Abstract:
A method of slitting a flexible conduit in an underground bore, the conduit having entry and exit ends thereof exposed for access, includes: (1) fitting a retainer to flexible underground conduit adjacent to the entry end thereof, the retainer securing the flexible conduit to limit longitudinal movement thereof relative to the bore, (2) passing pulling means through the flexible conduit; (3) connecting the pulling means to a pipe slitter, and (4) pulling the pipe slitter through the retainer and flexible conduit to slit the conduit, the retainer holding the flexible conduit taut as the slitter passes through the conduit. In one embodiment, the retainer is a shoring clamp assembly including a pair of ring clamps that are secured onto a split end of the flexible conduit and transfer the longitudinal forces applied to the conduit during the slitting operation to an adjacent structure such as a pit wall, thereby holding the conduit taut during the slitting operation.

Description:
TECHNICAL FIELD 
     The invention relates to an apparatus and method for slitting underground conduits, and in particular to slitting flexible underground pipes formed from plastics, thermoplastics, rubbers and ductile metals. 
     BACKGROUND OF THE INVENTION 
     A variety of systems are known for splitting rigid underground pipe made from concrete or cast iron. Typically, such methods make use of a slitting wedge or knife that is drawn through the pipe with a cable or chain attached to a winch or a piece of mobile equipment. In the case of pipe formed from relatively brittle materials such as concrete or cast iron, an impact hammer is attached to the wedge to aid in splitting and/or bursting the pipe. In some instances, new pipe is attached to the splitting tool and simultaneously pulled through the bore as the old pipe is burst or slit. 
     In one widely practiced method, a pneumatic impact boring tool such as a “Hammerhead Mole” (a registered trademark of Earth Tool Co.) boring tool is sent through the existing pipeline such that the head of the tool, which may be provided with blades that apply intense local pressure to the existing pipe, fractures or splits the existing pipe. See Streatfield et. al., U.S. Pat. Nos. 4,720,211, 4,738,565 and 4,505,302. A replacement pipe, typically made of plastic such as HDPE (High Density Polyethylene), can be drawn along behind the boring tool. Pneumatic impact boring tools are well known and are, for example, described in Wentworth et al. U.S. Pat. Nos. 5,025,868 or 5,337,837. The Streatfield et al. process has proven effective commercially because it bursts the old pipe into a multitude of fragments and replaces it with a new pipe at the same time. However, the Streatfield et al. method is less effective on ductile or non-frangible pipes such as copper, lead and certain types of plastic, such as HDPE. 
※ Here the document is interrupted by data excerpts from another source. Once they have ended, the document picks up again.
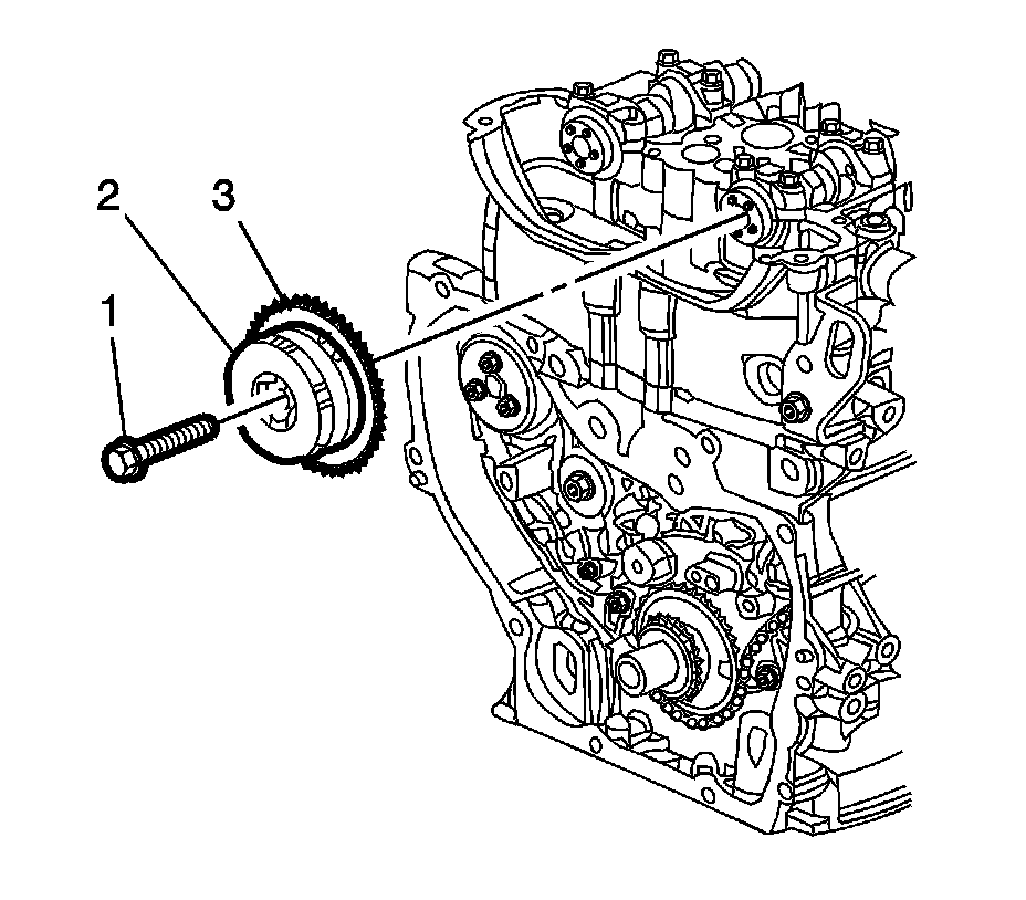 9. Remove the exhaust camshaft actuator (1, 3) from the camshaft and timing chain.
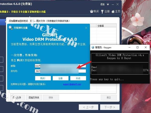 10打开软件,点击注册,输入任意邮箱,将注册码复制到注册信息内
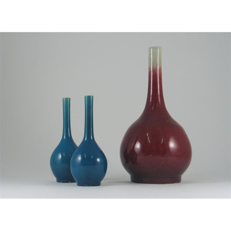 Three Chinese bottle vases, one with a red flamb glaze, the others turquoise. One small vase with a hair crack. 19th/20th century, 39cm. (3)
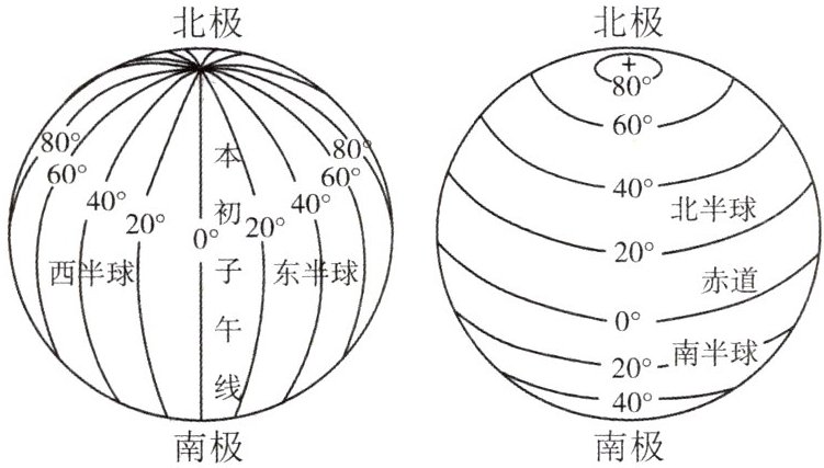 我们生活的城市在地球上的位置也可以利用本单元学习的知识去确定。纬线和经线是人类为度量方便而假设出来的辅助线。从赤道向北和向南各分 90°,称为北纬和南纬,北纬为正数,南纬为负数。经线连接南北两极,东经为正数,西经为负数,本初子午线的经度是 0°。

     One method for replacing existing underground pipelines is described in U.S. Pat. No. 6,171,026, issued to Crane et al. and assigned to Earth Tool Company, L.L.C., of Oconomowoc, Wis., the disclosure of which is incorporated herein by reference for all purposes. Briefly, the method includes creating open access to opposite ends of an existing pipeline to form an entry opening and an exit opening and mounting a wedge on a cable. The cable is threaded through the existing pipeline and the wedge is positioned at one of the ends of the existing pipeline after which the wedge is pulled through the pipeline from the other end of the existing pipeline so that the wedge slits the existing pipeline to form a slit pipe in the borehole. After the slit pipe is removed from the borehole, a replacement pipeline is pulled into the borehole. 
     The above described methods have not however, proven satisfactory in all cases. In some cases the methods have been ineffective in splitting underground conduits formed from relatively flexible materials such as high density polyethylene. This is especially in the case of relatively small diameter pipes, on the order of from one-half inch to about eight inches in diameter. The invention described below provides a means of alleviating and overcoming the difficulties encountered in splitting relatively small diameter underground pipes and conduits. 
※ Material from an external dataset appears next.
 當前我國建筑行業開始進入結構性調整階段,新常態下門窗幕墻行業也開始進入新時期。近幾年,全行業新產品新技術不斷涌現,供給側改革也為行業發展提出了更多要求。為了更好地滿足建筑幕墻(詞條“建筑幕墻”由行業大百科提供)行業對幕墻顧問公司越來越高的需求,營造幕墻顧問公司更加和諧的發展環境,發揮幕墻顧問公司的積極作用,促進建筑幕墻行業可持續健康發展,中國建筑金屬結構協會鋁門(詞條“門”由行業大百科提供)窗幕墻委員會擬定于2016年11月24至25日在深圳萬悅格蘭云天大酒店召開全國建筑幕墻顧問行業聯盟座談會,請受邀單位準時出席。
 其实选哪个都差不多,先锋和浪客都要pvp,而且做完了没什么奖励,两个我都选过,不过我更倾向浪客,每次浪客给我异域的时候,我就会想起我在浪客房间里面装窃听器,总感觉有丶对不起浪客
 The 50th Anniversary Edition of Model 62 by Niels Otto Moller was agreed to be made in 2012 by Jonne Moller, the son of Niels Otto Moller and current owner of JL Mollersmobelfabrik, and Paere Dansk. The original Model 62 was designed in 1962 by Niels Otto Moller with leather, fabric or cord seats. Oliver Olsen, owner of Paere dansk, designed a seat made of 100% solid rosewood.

     SUMMARY OF THE INVENTION 
     The invention provides method of slitting a flexible conduit in an underground bore, the conduit having entry and exit ends thereof exposed for access, including (1) fitting a retainer to flexible underground conduit adjacent to the entry end thereof, the retainer securing the flexible conduit to limit longitudinal movement thereof relative to the bore, (2) passing pulling means through the flexible conduit, (4) connecting the pulling means to a pipe slitter, and pulling the pipe slitter through the retainer and flexible conduit to slit the conduit, the retainer holding the flexible conduit taut as the slitter passes through the conduit. A slitter nose guide may be positioned on the pulling means ahead of the slitter to aid in maintaining the alignment of slitter in the pipe during the slitting operation. 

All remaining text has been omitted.